# two jewels and a jd. might have been a mistake.



## VonMozz (Feb 1, 2015)

hey guys, so i have a 90 g tank with two jewels. *** had them since the summer. i beleive theyre a pair although i havent really been able to sex them.. and i havent noticed any spawning or eggs. but up until now they have been a very dull brown yellow. and they were alwayss hiding, unless it was feeding time i basicaly never saw them swimming around. so i added i jd yesterday. not completely sure on the sex yet hes relatively small. a tiny bit bigger than the 'male' jewel. almost instantly the pair colored up. the 'male' being the brighter than i thought he could even get. but the problem is all he has done is chase the jd around. before i put him in i did some scaping, a day or two earlier added more rocks and cave-ish territories and they have confined him to a long plant, up against the glass. at first they were lip locking over one spot but i guess the jd gave up. the awesome thing though is now the jewels are usually swimming about. i feel kinda bad for the new guy. i dont want his life to be constantly being chased around. xshould i would wait i couple more days let him settle in.. or was this a bad idea and i should start looking to rehome? or maybe add a somewhat large group of dither fish? or any other fish? cuz im liking seeing the jewels out of hiding. any advise would be awesome!


----------



## Fogelhund (Dec 3, 2002)

The main issue is you added just one fish to an established tank.
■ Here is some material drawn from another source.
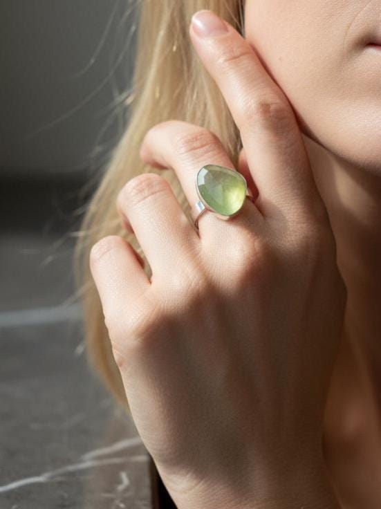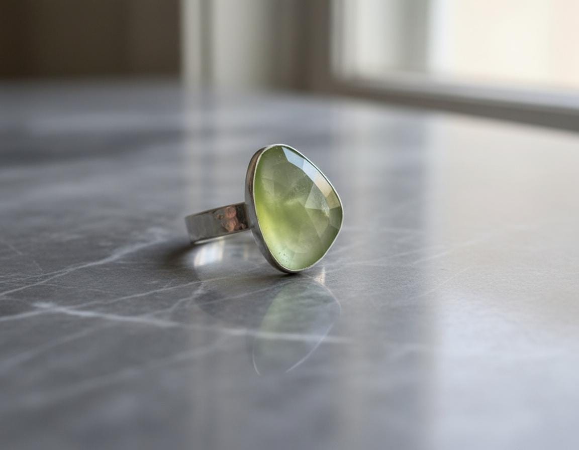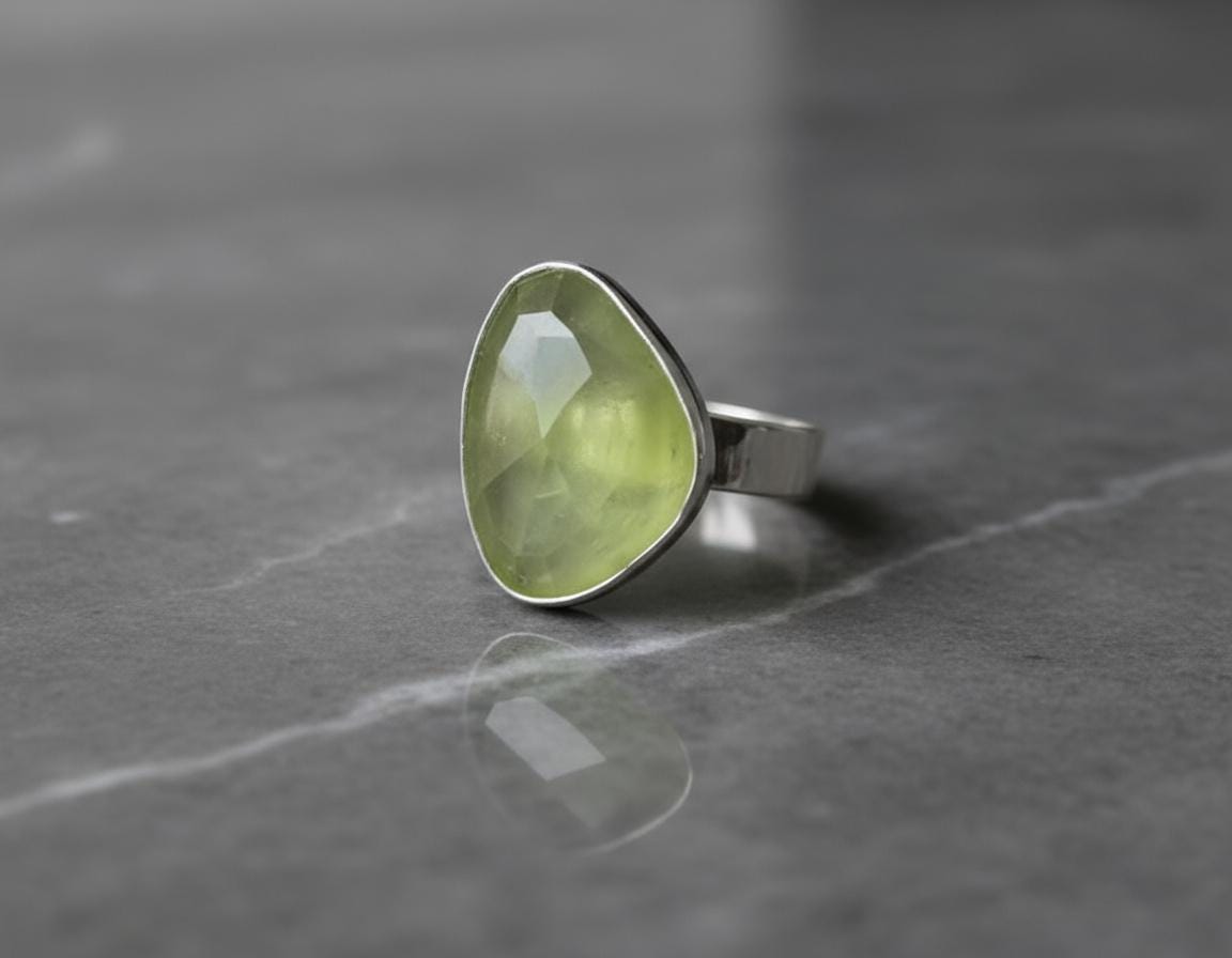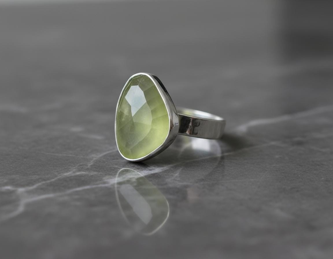 Prehnite is often called the “stone of prophecy” and is believed to inspire inner peace and harmony, making this ring not only beautiful but also meaningful.

Adding a single fish into a cichlid aquarium is almost always going to result in it being chased by the existing fish. If the Jewels breed though, the JD is likely to be killed. A group of dither fish is a good idea, whether you keep the JD or not... Dither fish also give the JD a better chance to survive.


----------



## nodima (Oct 3, 2002)

Agreed - adding dither fish is a good idea, and you should also rescape, sometimes that can help. You did rescape a day or so prior to adding, but that does not really do anything in terms of helping the new fish as the jewels still had a couple days to establish territories. Do another rescape now, add some dithers and see what happens.


----------



## Woundedyak (Oct 19, 2007)

Those jewels can be a handfull if they pair up. What I've learned is once they find a spot, They will tend to just stay there and not venture to far, but they will defend it. It doesn't take long for other fish to get the message and stay away. They seem to like dark caves with flat rocks surrounding it. They like to lay eggs on flat rocks or smooth river rock. So do some reading on them and build a nice penthouse for them in the corner. Then put some visual blockers out beyond the Penthouse. Good Luck


----------



## VonMozz (Feb 1, 2015)

so little update. the JD is now king of the tank. but it did come with a price; most of his tail and a bit of pectoral fins. although he picked the closest spot to them as he could i beleive they have arranged a property line.

i didnt think about the risk of only adding one fish.. :S and now his beautiful will never be the same. but i did go out and get some tiger barbs. there was one casualty. but i havent seen any problems since. the jewels are almost always out. and the JD is super social. and murderous, i suspect. he seems to pay no attention to the barbs, though that could very well change.


----------



## DJRansome (Oct 29, 2005)

His tail and other fins will likely grow back if the jewels leave him alone.


----------